# German Shorthair breeders (GOOD ones) Bismarck area



## Laura (May 10, 2008)

It's time to add another hunter to our family. Abby (GSH) is close to 12, and we'd like to get a pup that can kind of learn 'from' her as well as our training too. What breeders are reputable and have GSHs around the B-M area--anyone know? I don't entirely trust newspaper-ad-dogs. Abby outdoes our choc. lab hands down w/ pointing & flushing ,and best of all...listening = ) If we could clone her into a younger dog...there's our answer!

Thanx for any ideas.


----------



## crewhunting (Mar 29, 2007)

www.glacialretrievers.com Doug is the owner and well he breeds wirehairs, labs, and springers but he knows alot of breeders and is in conection with them. I have hunted with many of his dog and well they are great if you call him he will find you something that will work for your needs 2189350931. Right know i run his labs and wirehairs, and springers they all are very good dogs.


----------



## Laura (May 10, 2008)

hey--that's a Mahnomen number, isn't it?? (I grew up around there...the 935 sounds familiar =) 
Thanks -- will check it out!


----------



## Springer (Dec 21, 2004)

Yep that is Mahnomen, His dad has been raising Springers (and some other breeds) for over 30 years, I have bought a couple from him that were very good.


----------



## Bobm (Aug 26, 2003)

I would go to someone that specializes in Shorthairs not someone that breeds a wide variety of dogs.

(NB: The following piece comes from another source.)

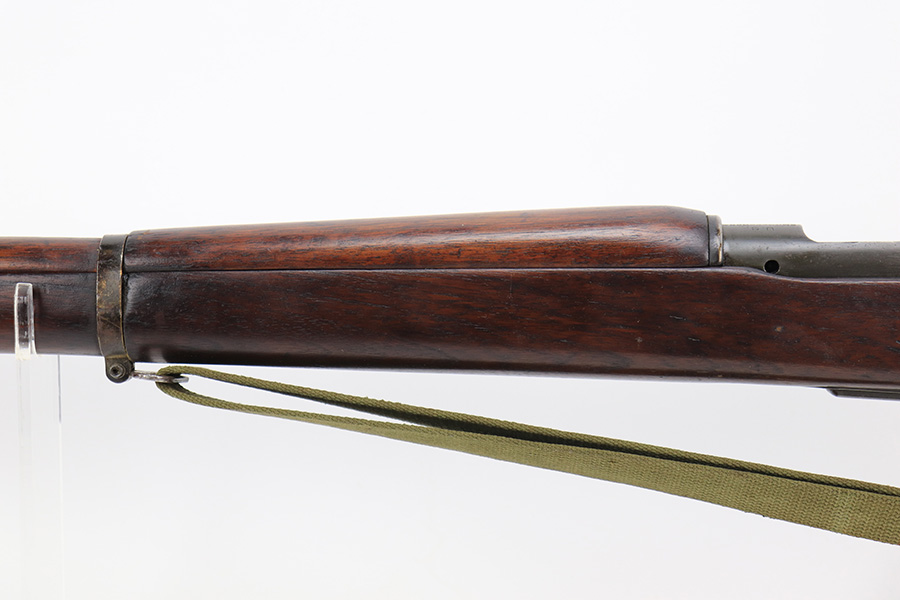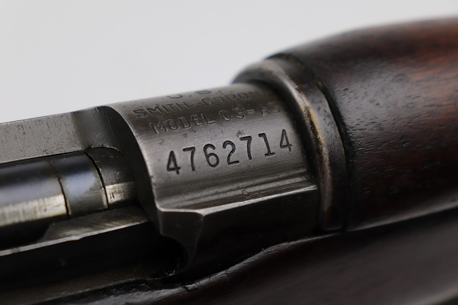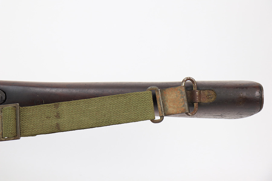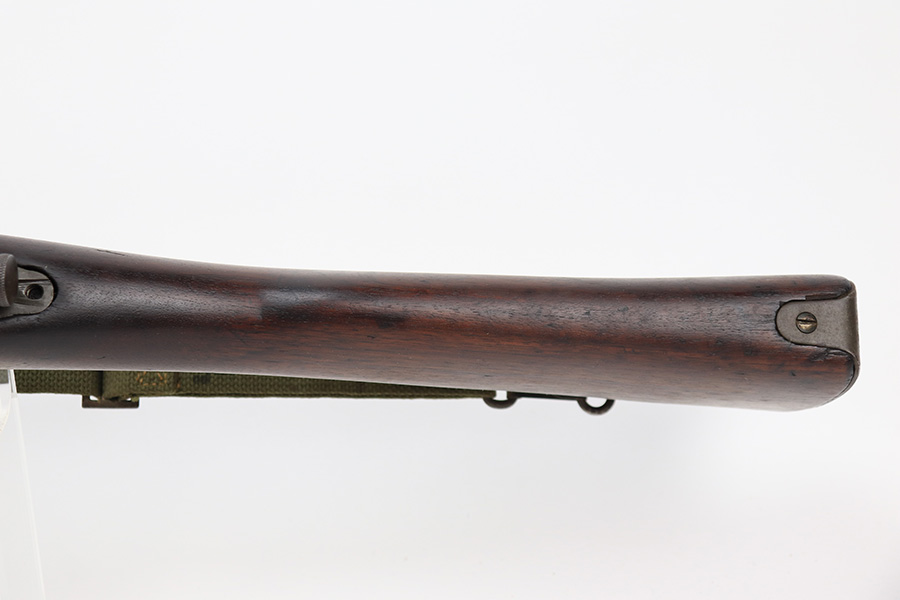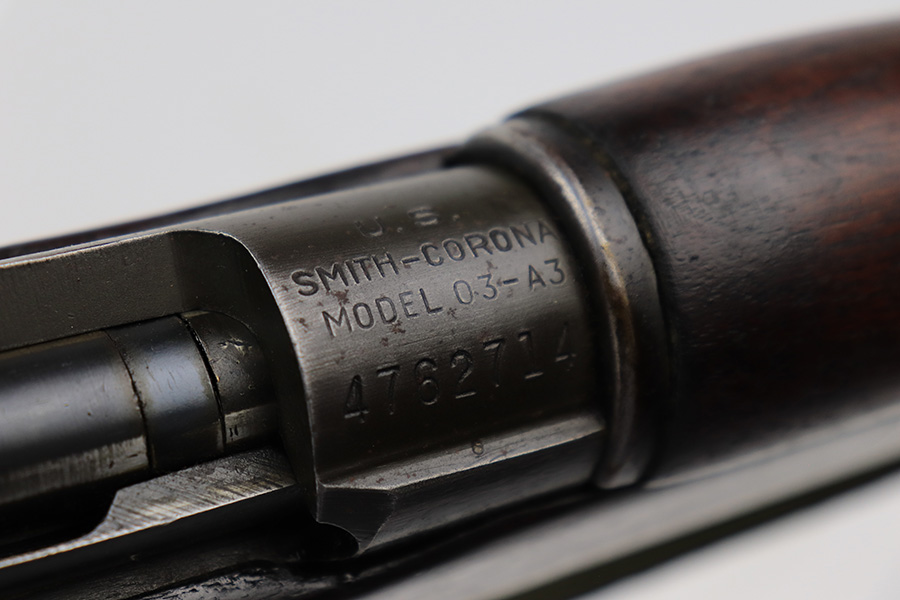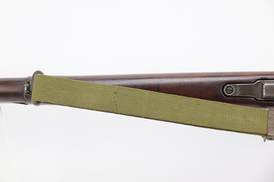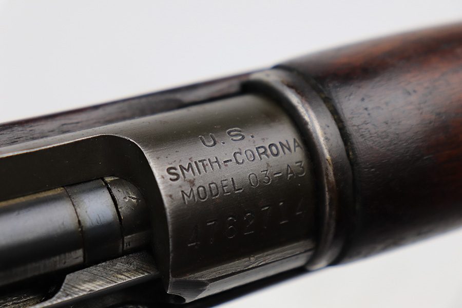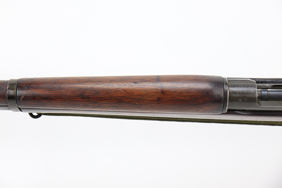 5/10/23 – This is a very nice example of a Smith-Corona Model 03-A3 rifle issued to the US military in 1943-44. The barrel is “SC” marked and dated August of 1943. Very faint “FJA” military inspection stamp on the left side of the stock. The gun comes with a green canvas sling and a front sight hood. This is an arsenal-refurbished example. The metal parts have retained roughly 90% of their finish. There is general high edge wear, some spotty discoloration on the barrel bands, and areas of thinning on the floor plate / trigger group and on the bolt handle. Some light spotty oxidation and some small dots of surface rust on the bolt handle and around the rear sight. The wood furniture is excellent but has been sanded. Very nice bore with good rifling.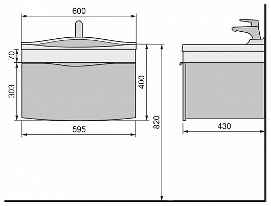 - tpIVA.60-21.21 Тумба с раковиной "IVA 60": фасад МДФ, облицованный ПВХ-пленкой, вместительный выдвижной ящик

Cindy would have the type of shorthair you describe

http://www.honeyrunshorthairs.com/

I would buy one of her dogs in a heartbeat if I wanted what you described.

getting a dog transported is not expensive, the thing with shorthairs is the many different lines can vary wildly in temperament and range. Mine are out of Rawhide lines and big running harder headed dogs for instance, most people would not like that.


----------



## Brad N (Mar 7, 2006)

We have our dog here http://www.wildspurkennels.com/ right now for training. They are real great to work with.


----------



## BIRDSHOOTER (Jul 18, 2005)

Laura said:


> It's time to add another hunter to our family. Abby (GSH) is close to 12, and we'd like to get a pup that can kind of learn 'from' her as well as our training too. What breeders are reputable and have GSHs around the B-M area--anyone know? I don't entirely trust newspaper-ad-dogs. Abby outdoes our choc. lab hands down w/ pointing & flushing ,and best of all...listening = ) If we could clone her into a younger dog...there's our answer!
> 
> Thanx for any ideas.


I agree with Bobm. go with a shorthair only breeder and one that has been in the business awhile.

I certainly wouldn't limit yourself to breeders in and around Bismarck. First of all there probably aren't many if any at all, second, the midwest is blessed with some of the finest shorthair breeders in the country. Depending on what you want, there are breeders that most likely will have what your looking for. Just make sure you indicate to the breeder exactly what you looking for as there can be differences from one line to the next.

Here is a site that will get you started. It's not a complete listing but a listing non the less. Scroll down, there are a couple in NoDak listed. 
http://www.birddogsforever.com/birdhunt ... ind+++++++

I can recommend two very fine breeders if you wish. Send me a PM if your interested.


----------



## barebackjack (Sep 5, 2006)

You should check out Oakridge Enterprises at Devils Lake 
(www.oakridgeent.com). Mike has produced two National Shoot to Retrieve Champions and probably has the best shorthairs in the tri-states. He is a certified NSTRA judge and runs in a lot of trials.

I know he recently bred a very high power litter. Don't know if they are all spoken for yet. I know he doesn't advertise in ND.


----------



## EsoxPirate (Sep 20, 2007)

Brad N said:


> We have our dog here http://www.wildspurkennels.com/ right now for training. They are real great to work with.


I help out at wild spur pretty often, Kevin and brent run an awsome place and their GSP are bar non some of the best I have ever hunted over.

Esox


----------